= MATERIAL PROVIDED =

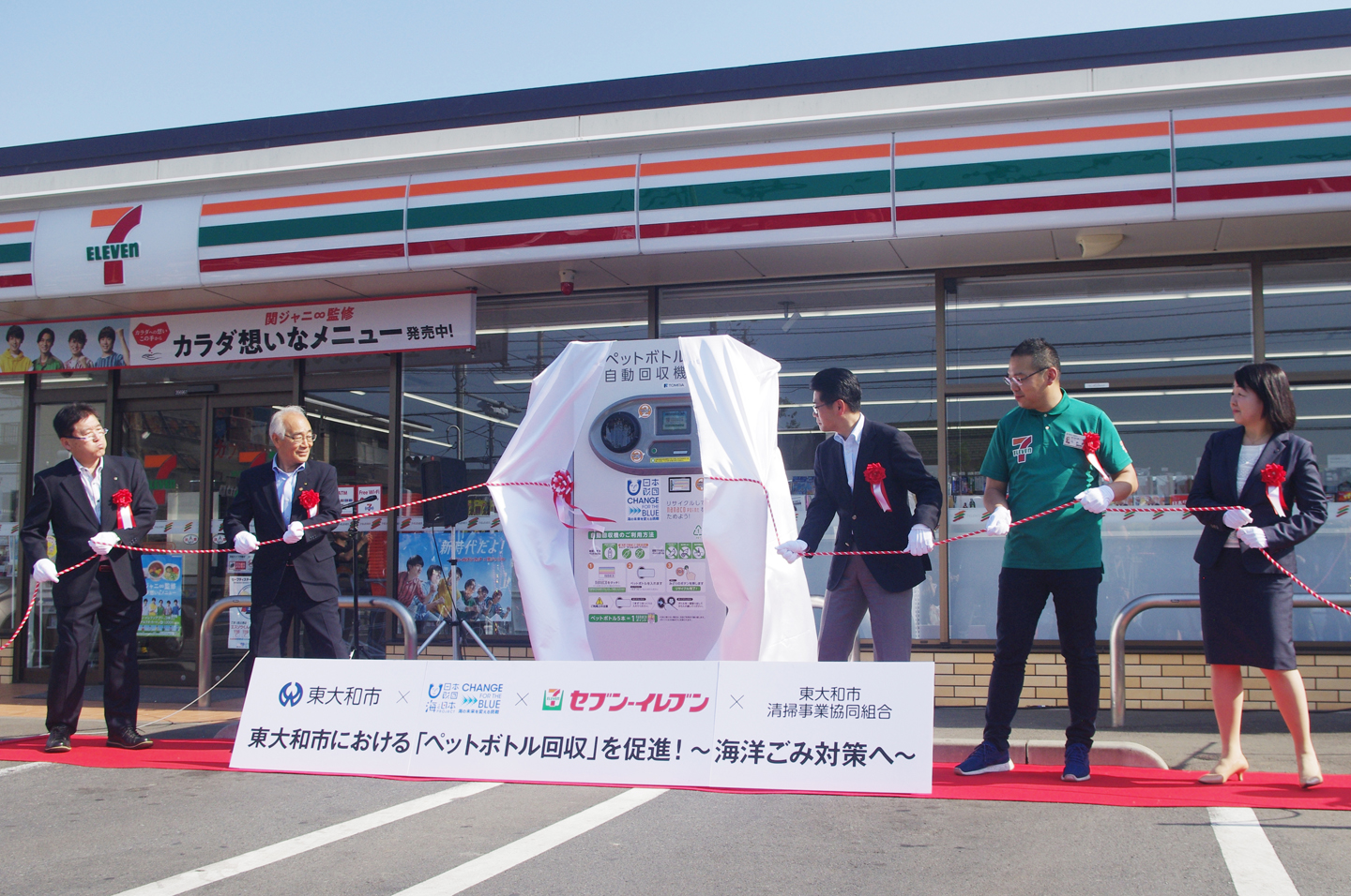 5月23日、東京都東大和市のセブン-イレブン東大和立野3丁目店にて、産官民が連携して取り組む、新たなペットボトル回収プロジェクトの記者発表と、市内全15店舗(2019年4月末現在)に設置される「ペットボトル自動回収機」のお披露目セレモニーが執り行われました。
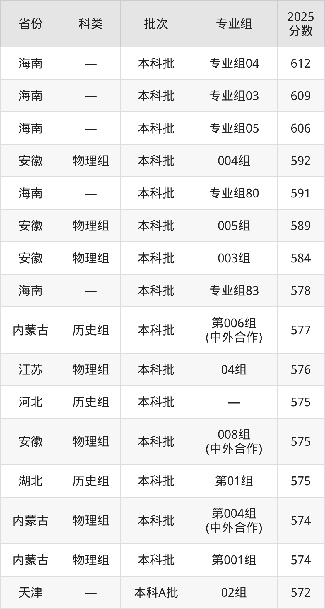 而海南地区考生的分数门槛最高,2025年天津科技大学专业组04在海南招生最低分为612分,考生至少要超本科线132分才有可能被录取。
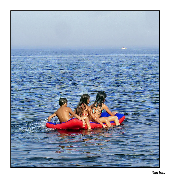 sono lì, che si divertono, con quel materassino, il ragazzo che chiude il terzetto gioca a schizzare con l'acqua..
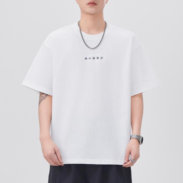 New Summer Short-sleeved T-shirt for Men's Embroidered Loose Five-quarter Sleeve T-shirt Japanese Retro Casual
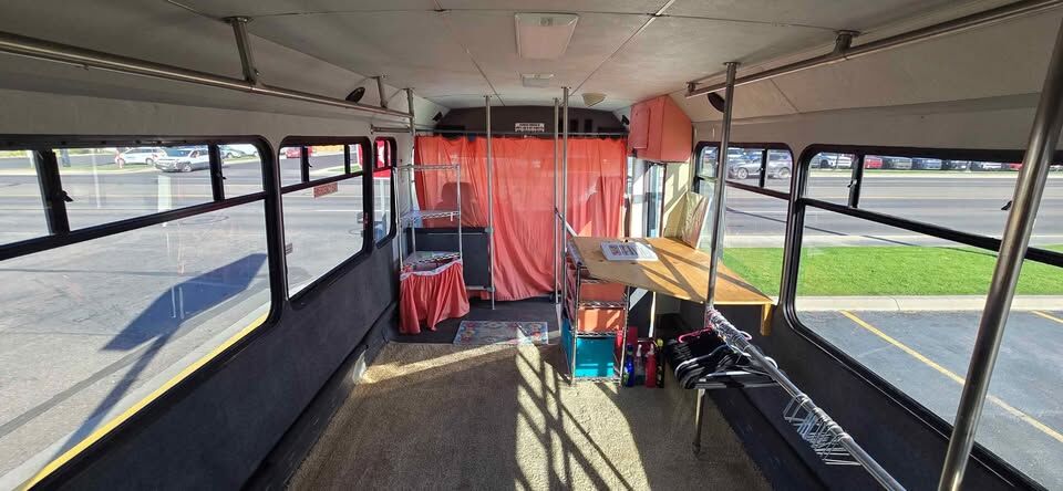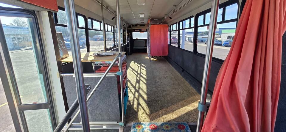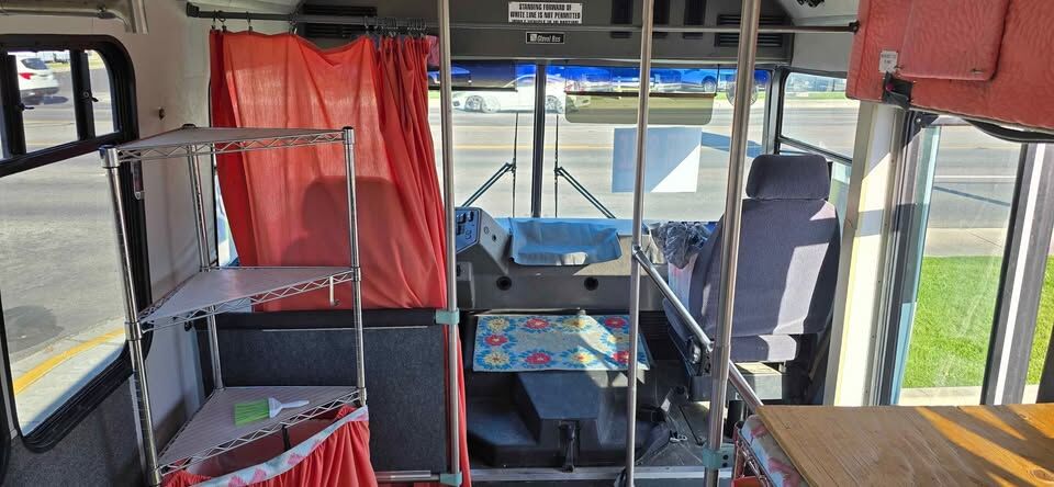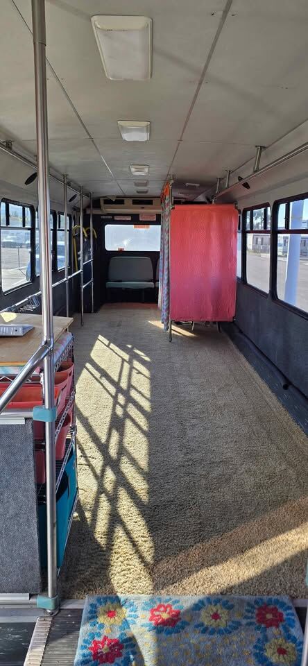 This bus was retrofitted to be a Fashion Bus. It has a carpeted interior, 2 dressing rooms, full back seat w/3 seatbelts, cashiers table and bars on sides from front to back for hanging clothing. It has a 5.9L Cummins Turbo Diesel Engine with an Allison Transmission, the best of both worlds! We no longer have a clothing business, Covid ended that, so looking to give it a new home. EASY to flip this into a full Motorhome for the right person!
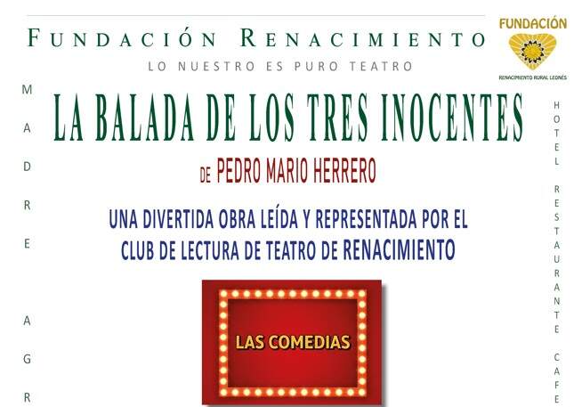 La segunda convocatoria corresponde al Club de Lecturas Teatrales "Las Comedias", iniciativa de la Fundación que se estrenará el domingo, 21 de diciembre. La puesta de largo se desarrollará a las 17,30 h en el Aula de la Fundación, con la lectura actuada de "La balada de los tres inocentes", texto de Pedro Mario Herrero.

...

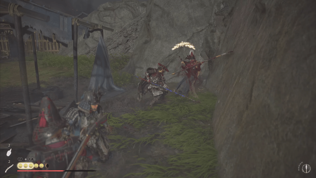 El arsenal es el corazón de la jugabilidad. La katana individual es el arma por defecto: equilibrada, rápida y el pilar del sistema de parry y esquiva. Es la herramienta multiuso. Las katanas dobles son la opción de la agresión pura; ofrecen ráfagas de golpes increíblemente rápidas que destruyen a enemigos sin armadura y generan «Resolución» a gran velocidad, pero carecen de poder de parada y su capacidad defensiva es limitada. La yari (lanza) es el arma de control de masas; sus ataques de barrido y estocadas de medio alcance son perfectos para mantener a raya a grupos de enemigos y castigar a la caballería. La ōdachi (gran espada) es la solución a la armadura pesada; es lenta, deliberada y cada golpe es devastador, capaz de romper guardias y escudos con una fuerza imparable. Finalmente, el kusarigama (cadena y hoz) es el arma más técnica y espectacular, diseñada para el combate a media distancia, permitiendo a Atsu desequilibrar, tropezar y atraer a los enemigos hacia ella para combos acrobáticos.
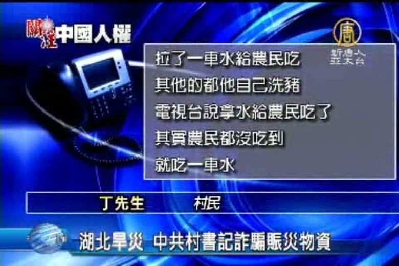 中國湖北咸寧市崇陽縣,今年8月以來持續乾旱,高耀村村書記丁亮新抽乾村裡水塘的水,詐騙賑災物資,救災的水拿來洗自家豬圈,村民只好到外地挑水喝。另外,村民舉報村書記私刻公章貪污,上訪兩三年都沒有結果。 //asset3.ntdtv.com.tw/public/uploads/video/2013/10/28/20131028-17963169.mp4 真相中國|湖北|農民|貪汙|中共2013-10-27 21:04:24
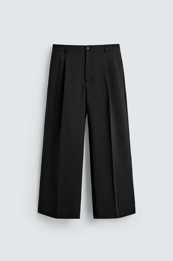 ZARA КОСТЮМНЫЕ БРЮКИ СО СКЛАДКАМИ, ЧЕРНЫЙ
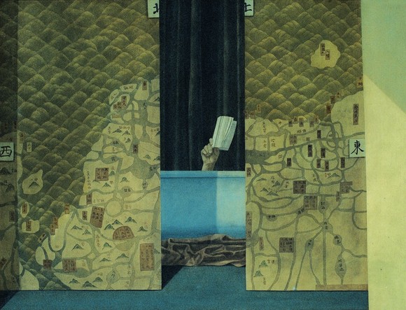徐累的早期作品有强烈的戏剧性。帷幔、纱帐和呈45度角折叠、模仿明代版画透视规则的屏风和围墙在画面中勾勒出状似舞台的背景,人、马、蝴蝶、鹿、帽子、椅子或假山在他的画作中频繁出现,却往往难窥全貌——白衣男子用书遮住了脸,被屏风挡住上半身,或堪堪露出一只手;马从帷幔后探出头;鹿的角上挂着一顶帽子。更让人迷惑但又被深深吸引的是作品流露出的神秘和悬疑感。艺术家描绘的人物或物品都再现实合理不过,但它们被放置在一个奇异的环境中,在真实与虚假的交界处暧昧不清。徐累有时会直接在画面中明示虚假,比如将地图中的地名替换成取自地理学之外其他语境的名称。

...

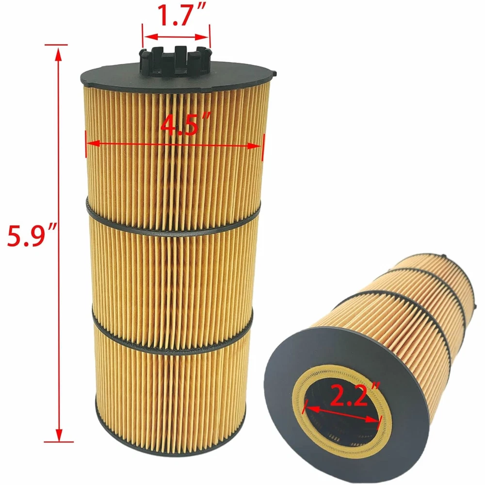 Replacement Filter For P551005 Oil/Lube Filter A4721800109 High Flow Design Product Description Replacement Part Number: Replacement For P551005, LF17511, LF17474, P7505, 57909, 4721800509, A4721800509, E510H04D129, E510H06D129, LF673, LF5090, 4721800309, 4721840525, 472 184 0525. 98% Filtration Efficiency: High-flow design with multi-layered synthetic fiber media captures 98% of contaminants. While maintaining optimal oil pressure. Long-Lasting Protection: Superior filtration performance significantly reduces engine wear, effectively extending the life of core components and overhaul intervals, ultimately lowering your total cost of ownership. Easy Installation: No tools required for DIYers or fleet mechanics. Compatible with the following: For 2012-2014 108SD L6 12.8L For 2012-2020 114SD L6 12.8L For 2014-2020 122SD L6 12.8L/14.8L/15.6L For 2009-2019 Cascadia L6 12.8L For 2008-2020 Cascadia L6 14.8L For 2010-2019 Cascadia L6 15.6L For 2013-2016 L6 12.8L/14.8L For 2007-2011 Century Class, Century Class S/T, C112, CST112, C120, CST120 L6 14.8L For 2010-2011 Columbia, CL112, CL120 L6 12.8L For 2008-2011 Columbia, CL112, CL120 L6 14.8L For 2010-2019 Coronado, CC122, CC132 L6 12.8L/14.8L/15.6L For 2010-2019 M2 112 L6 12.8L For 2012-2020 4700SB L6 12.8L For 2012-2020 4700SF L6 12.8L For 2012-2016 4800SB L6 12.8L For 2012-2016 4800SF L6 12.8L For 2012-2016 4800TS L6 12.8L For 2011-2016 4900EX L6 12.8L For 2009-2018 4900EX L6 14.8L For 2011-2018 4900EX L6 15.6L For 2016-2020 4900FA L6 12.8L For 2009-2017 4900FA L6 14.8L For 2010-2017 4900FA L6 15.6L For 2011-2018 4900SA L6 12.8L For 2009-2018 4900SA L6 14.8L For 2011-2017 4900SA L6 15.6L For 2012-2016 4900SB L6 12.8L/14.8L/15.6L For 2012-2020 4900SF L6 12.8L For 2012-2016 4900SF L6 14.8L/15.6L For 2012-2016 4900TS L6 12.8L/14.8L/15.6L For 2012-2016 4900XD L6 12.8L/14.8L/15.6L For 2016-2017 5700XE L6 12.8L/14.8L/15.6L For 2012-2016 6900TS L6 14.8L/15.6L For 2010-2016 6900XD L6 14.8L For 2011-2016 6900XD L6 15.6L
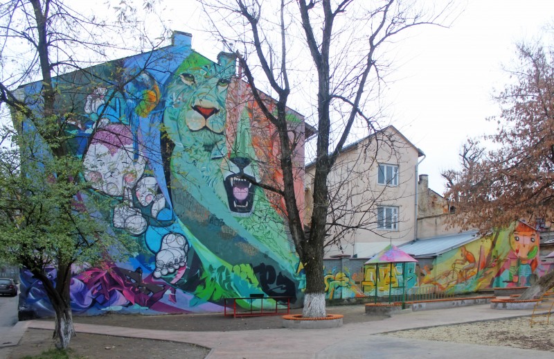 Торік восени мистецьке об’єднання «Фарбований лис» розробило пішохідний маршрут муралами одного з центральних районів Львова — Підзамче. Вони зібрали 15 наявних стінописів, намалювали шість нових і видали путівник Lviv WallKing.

= TASK INSTRUCTIONS =
Leaving each picture behind, please give again exactly the lines above from the one with "This bus was" through the one with "La segunda convocatoria", both included, and no others.

= REPLY =
 This bus was retrofitted to be a Fashion Bus. It has a carpeted interior, 2 dressing rooms, full back seat w/3 seatbelts, cashiers table and bars on sides from front to back for hanging clothing. It has a 5.9L Cummins Turbo Diesel Engine with an Allison Transmission, the best of both worlds! We no longer have a clothing business, Covid ended that, so looking to give it a new home. EASY to flip this into a full Motorhome for the right person!
 La segunda convocatoria corresponde al Club de Lecturas Teatrales "Las Comedias", iniciativa de la Fundación que se estrenará el domingo, 21 de diciembre. La puesta de largo se desarrollará a las 17,30 h en el Aula de la Fundación, con la lectura actuada de "La balada de los tres inocentes", texto de Pedro Mario Herrero.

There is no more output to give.